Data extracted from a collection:

===

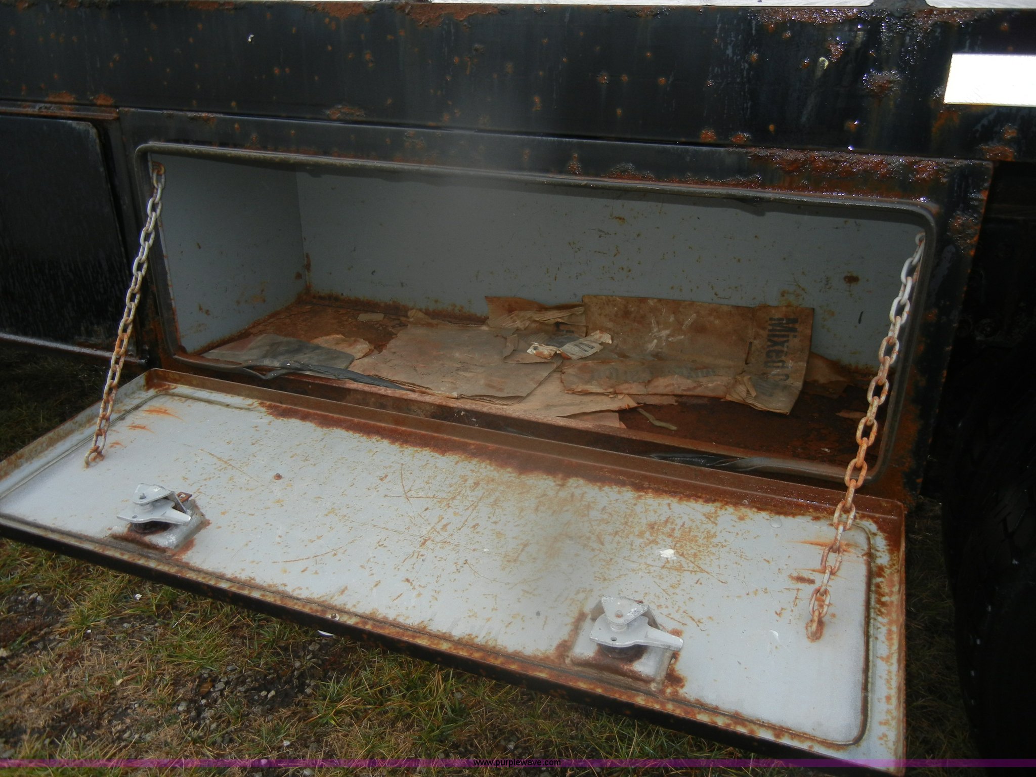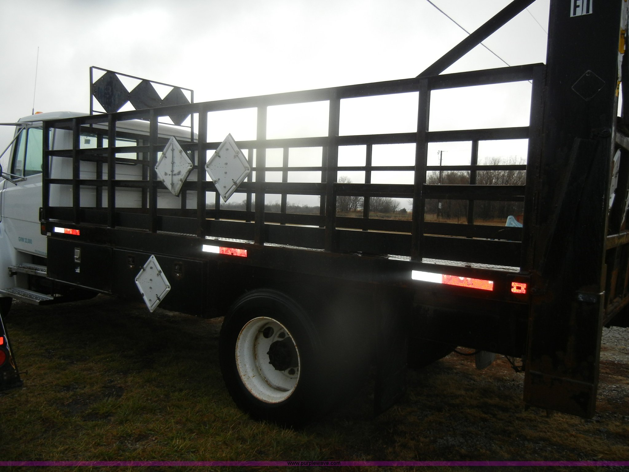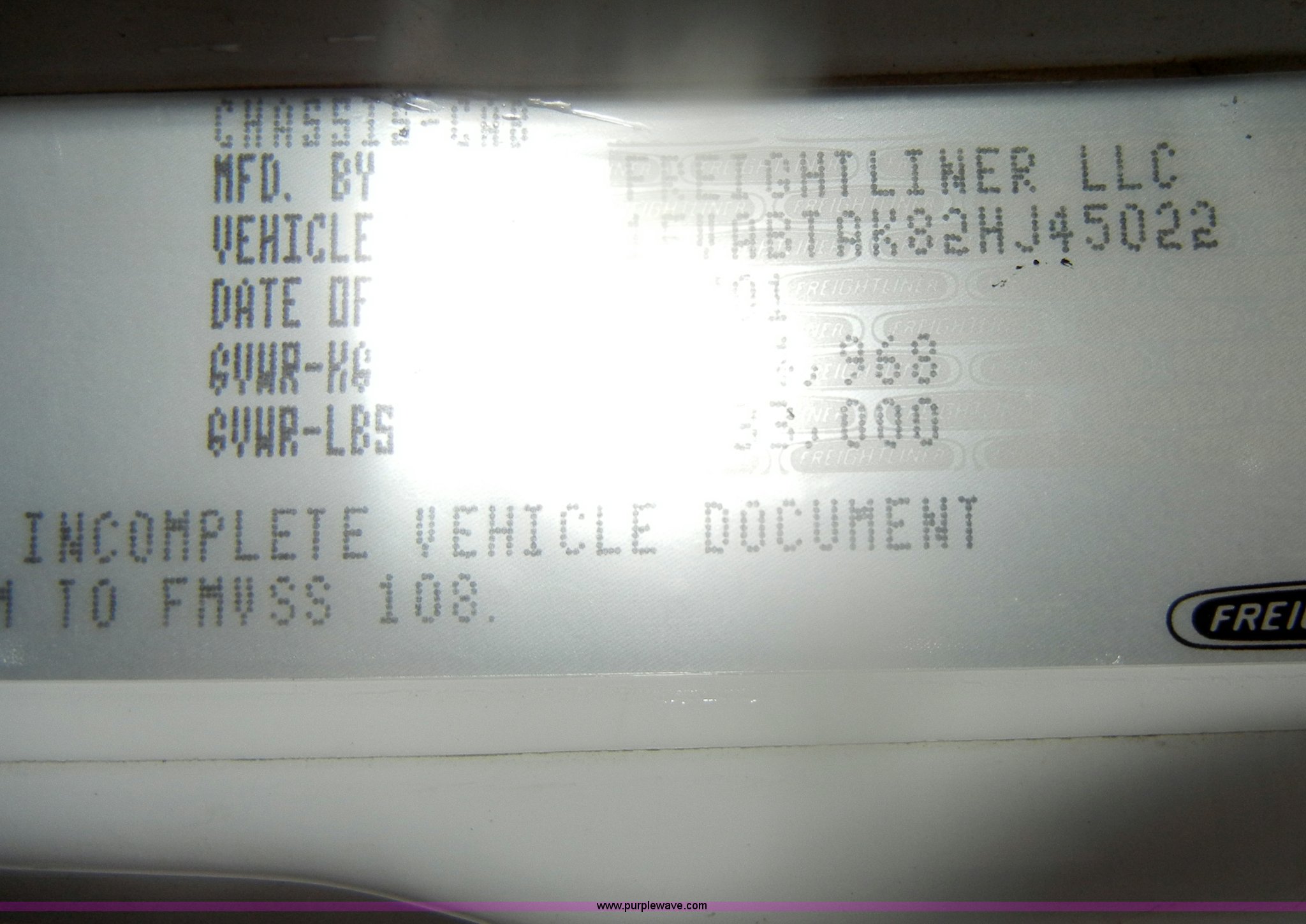 2002 Freightliner FL70. 199,708 miles on odometer, Caterpillar 3126 7.2L L6 diesel engine, Eaton Fuller automatic transmission, AC and heat, Tilt, Telescopic steering wheel, Cruise, AM/FM, Manual windows and locks, Power mirrors, Air suspension seat, Cloth interior, Dual rear windows, Heated mirrors, block heater, 75 gallon fuel tank, (4) toolboxes Some rusted, Maibar 16'L x 8' bed Steel plated, 40" sides, Air suspension over spring, Air brakes, 3,500 lbs capacity lift gate, 275/80R22.5 tires, GVWR 33,000 lbs, FAWR 12,000 lbs, RAWR 21,000 lbs, Paint peeling on front grill, Manuals included. 1FVABTAK82HJ45022. View equipment video. Shipping quotes available. 6124 NW Jennings Road. Topeka, KS 66618
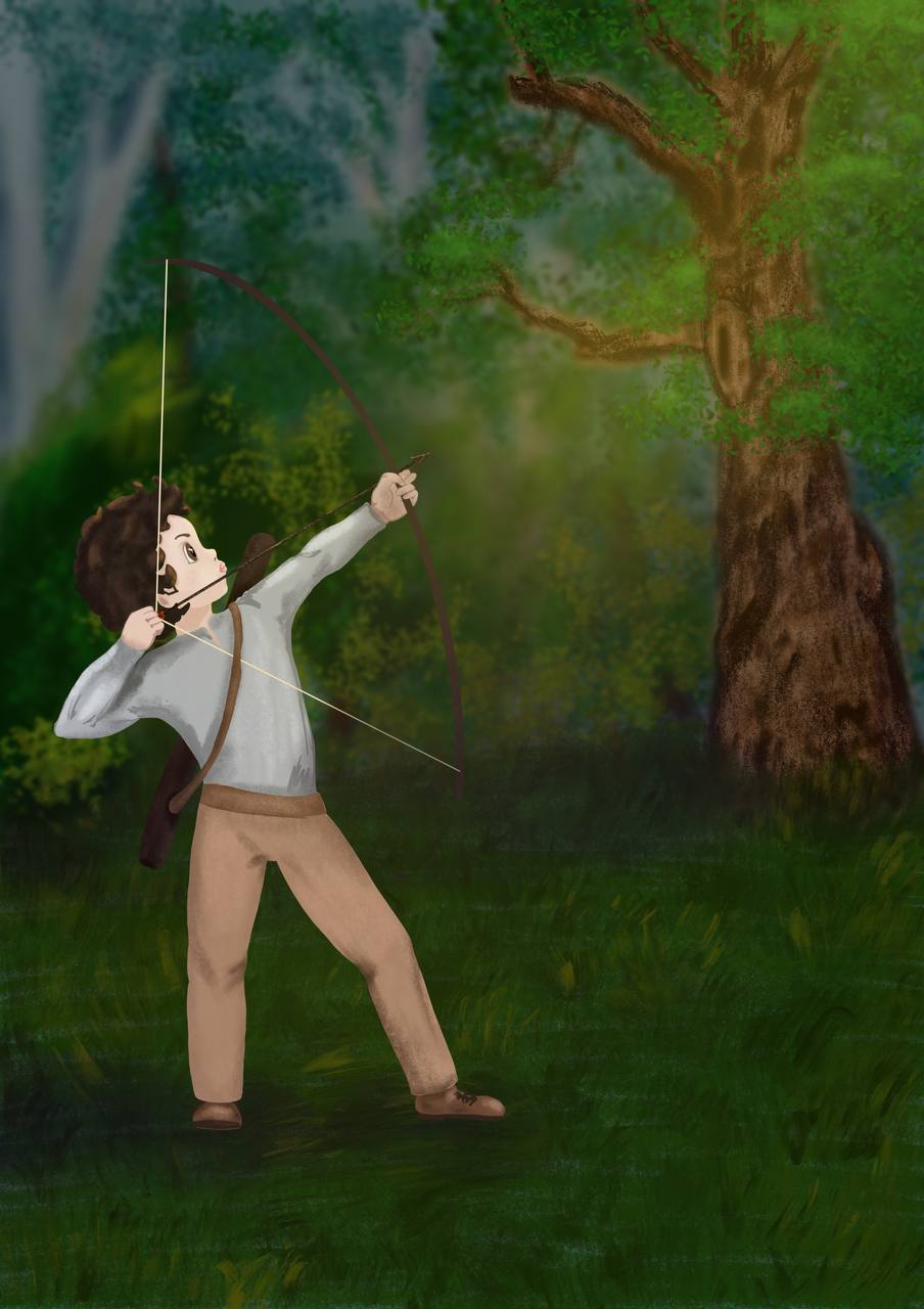 «Все. Последняя серия» – подумал он и взял седьмую стрелу. Именно она была в дупле и в небе. Она отличалась цветом оперения. Она была с красными перьями. И она ушла в полет. Мимо корзины, мимо ствола, мимо всего. Унылый взгляд скользил по краю леса. Потом он поднял с земли палку и воткнул ее на место, откуда стрелял.
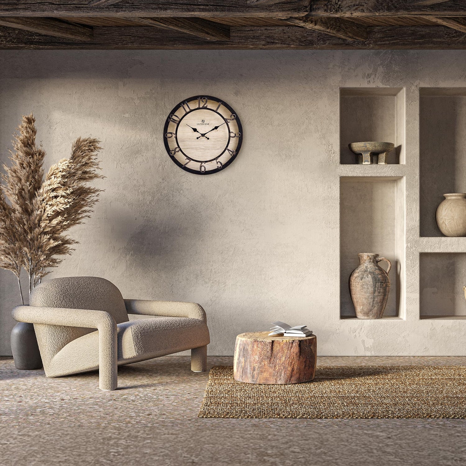 Brown wood grain dial, black hands, integrated bronze worn frame and numbers provide a shabby and vintage appearance. Whether rustic farmhouse or country cabin, this clock decorates any living space.
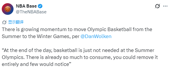 国际奥委会应该推动这件事,因为这会大幅提升冬奥会对全球观众的吸引力,同时几乎不会削弱夏奥会的精彩程度——篮球在夏奥会上本就常常像个“附加项”。
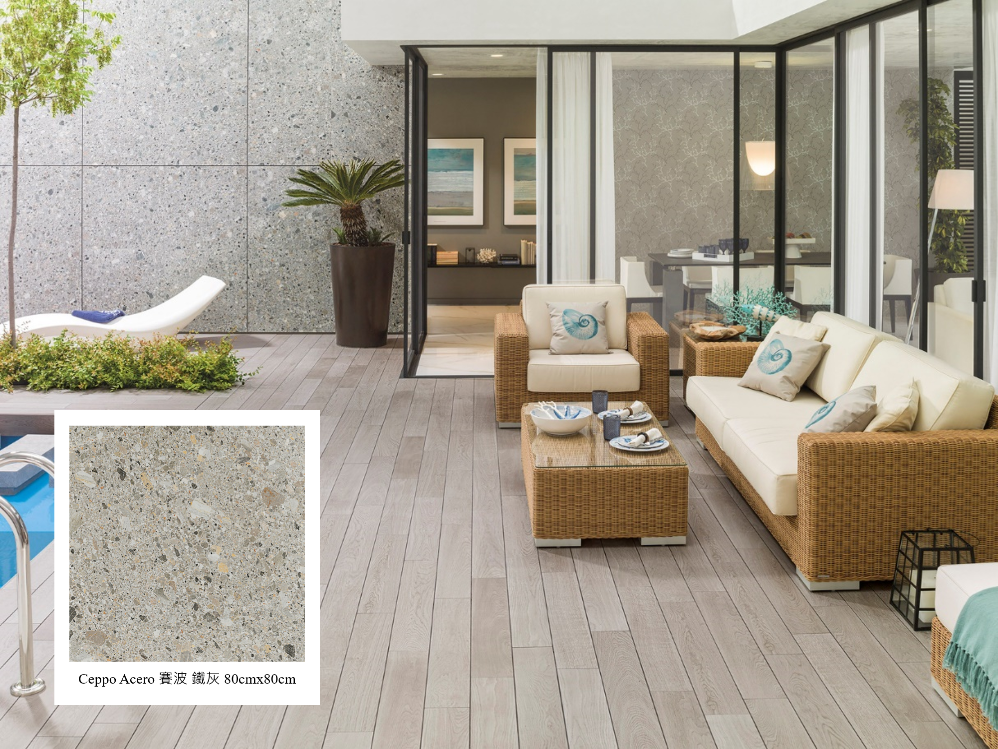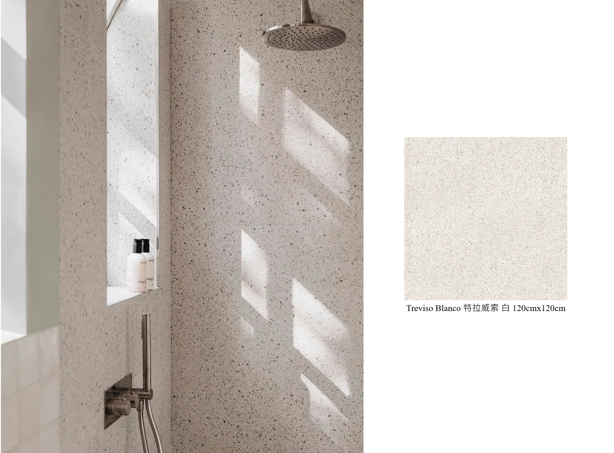 新一代的仿水磨石磁磚,它與傳統水磨石具有相同的美感,極具現代裝飾性,但價格實惠且不會造成龜裂及石子脫落。水磨石磁磚憑藉其獨特的質地、顏色和耐用性,非常適合在走廊、浴室、廚房、起居區甚至戶外空間使用
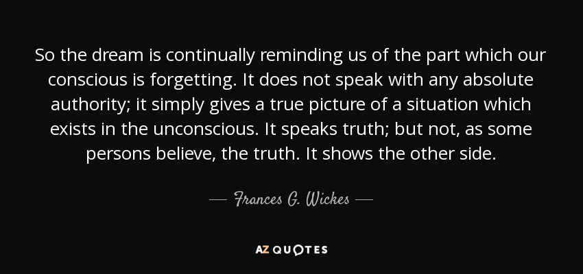 So the dream is continually reminding us of the part which our conscious is forgetting. It does not speak with any absolute authority; it simply gives a true picture of a situation which exists in the unconscious. It speaks truth; but not, as some persons believe, the truth. It shows the other side.
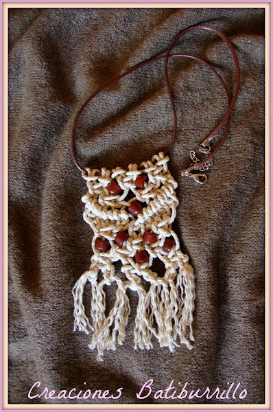 10- Incluimos 2 abalorios (esta ves los enhebré en los cordeles laterales para que cayesen hacia el centro) (arriba salían del central y caían hacia los lados).
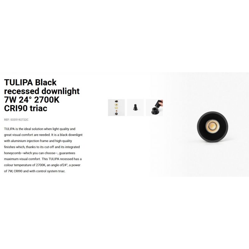 Informatii produs: | spot LED incastrabil TULIPA cu grad de iluminare 24 grade, IP20 + driver cu sistem de control Triac inclus |
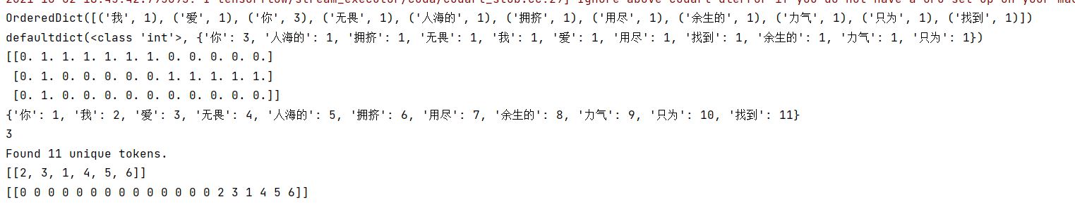 import keras.preprocessing.sequence from keras.preprocessing.text import Tokenizer samples = ['我 爱 你 无畏 人海的 拥挤','用尽 余生的 力气 只为 找到 你','你'] # 创建分词器实例 # split 默认字符为空格 tokenizer = Tokenizer() tokenizer.fit_on_texts(samples) # word_counts:字典形式 出现过多少次 print(tokenizer.word_counts) # word_docs: 字典 print(tokenizer.word_docs) one_hot_results = tokenizer.texts_to_matrix(samples) print(one_hot_results) # 获得单词索引 word_index = tokenizer.word_index print(word_index) #document_count: 整数 几个字符串 print(tokenizer.document_count) print('Found %s.'% len(word_index)) print(tokenizer.texts_to_sequences(["我 爱 你 无畏 人海的 拥挤"])) print(keras.preprocessing.sequence.pad_sequences(tokenizer.texts_to_sequences(["我 爱 你 无畏 人海的 拥挤"]),maxlen=20))

===

**WORK ORDER**
Write the data above out again exactly, minus its pictures.

**WORKED SOLUTION**
 2002 Freightliner FL70. 199,708 miles on odometer, Caterpillar 3126 7.2L L6 diesel engine, Eaton Fuller automatic transmission, AC and heat, Tilt, Telescopic steering wheel, Cruise, AM/FM, Manual windows and locks, Power mirrors, Air suspension seat, Cloth interior, Dual rear windows, Heated mirrors, block heater, 75 gallon fuel tank, (4) toolboxes Some rusted, Maibar 16'L x 8' bed Steel plated, 40" sides, Air suspension over spring, Air brakes, 3,500 lbs capacity lift gate, 275/80R22.5 tires, GVWR 33,000 lbs, FAWR 12,000 lbs, RAWR 21,000 lbs, Paint peeling on front grill, Manuals included. 1FVABTAK82HJ45022. View equipment video. Shipping quotes available. 6124 NW Jennings Road. Topeka, KS 66618
 «Все. Последняя серия» – подумал он и взял седьмую стрелу. Именно она была в дупле и в небе. Она отличалась цветом оперения. Она была с красными перьями. И она ушла в полет. Мимо корзины, мимо ствола, мимо всего. Унылый взгляд скользил по краю леса. Потом он поднял с земли палку и воткнул ее на место, откуда стрелял.
 Brown wood grain dial, black hands, integrated bronze worn frame and numbers provide a shabby and vintage appearance. Whether rustic farmhouse or country cabin, this clock decorates any living space.
 国际奥委会应该推动这件事,因为这会大幅提升冬奥会对全球观众的吸引力,同时几乎不会削弱夏奥会的精彩程度——篮球在夏奥会上本就常常像个“附加项”。
 新一代的仿水磨石磁磚,它與傳統水磨石具有相同的美感,極具現代裝飾性,但價格實惠且不會造成龜裂及石子脫落。水磨石磁磚憑藉其獨特的質地、顏色和耐用性,非常適合在走廊、浴室、廚房、起居區甚至戶外空間使用
 So the dream is continually reminding us of the part which our conscious is forgetting. It does not speak with any absolute authority; it simply gives a true picture of a situation which exists in the unconscious. It speaks truth; but not, as some persons believe, the truth. It shows the other side.
 10- Incluimos 2 abalorios (esta ves los enhebré en los cordeles laterales para que cayesen hacia el centro) (arriba salían del central y caían hacia los lados).
 Informatii produs: | spot LED incastrabil TULIPA cu grad de iluminare 24 grade, IP20 + driver cu sistem de control Triac inclus |
 import keras.preprocessing.sequence from keras.preprocessing.text import Tokenizer samples = ['我 爱 你 无畏 人海的 拥挤','用尽 余生的 力气 只为 找到 你','你'] # 创建分词器实例 # split 默认字符为空格 tokenizer = Tokenizer() tokenizer.fit_on_texts(samples) # word_counts:字典形式 出现过多少次 print(tokenizer.word_counts) # word_docs: 字典 print(tokenizer.word_docs) one_hot_results = tokenizer.texts_to_matrix(samples) print(one_hot_results) # 获得单词索引 word_index = tokenizer.word_index print(word_index) #document_count: 整数 几个字符串 print(tokenizer.document_count) print('Found %s.'% len(word_index)) print(tokenizer.texts_to_sequences(["我 爱 你 无畏 人海的 拥挤"])) print(keras.preprocessing.sequence.pad_sequences(tokenizer.texts_to_sequences(["我 爱 你 无畏 人海的 拥挤"]),maxlen=20))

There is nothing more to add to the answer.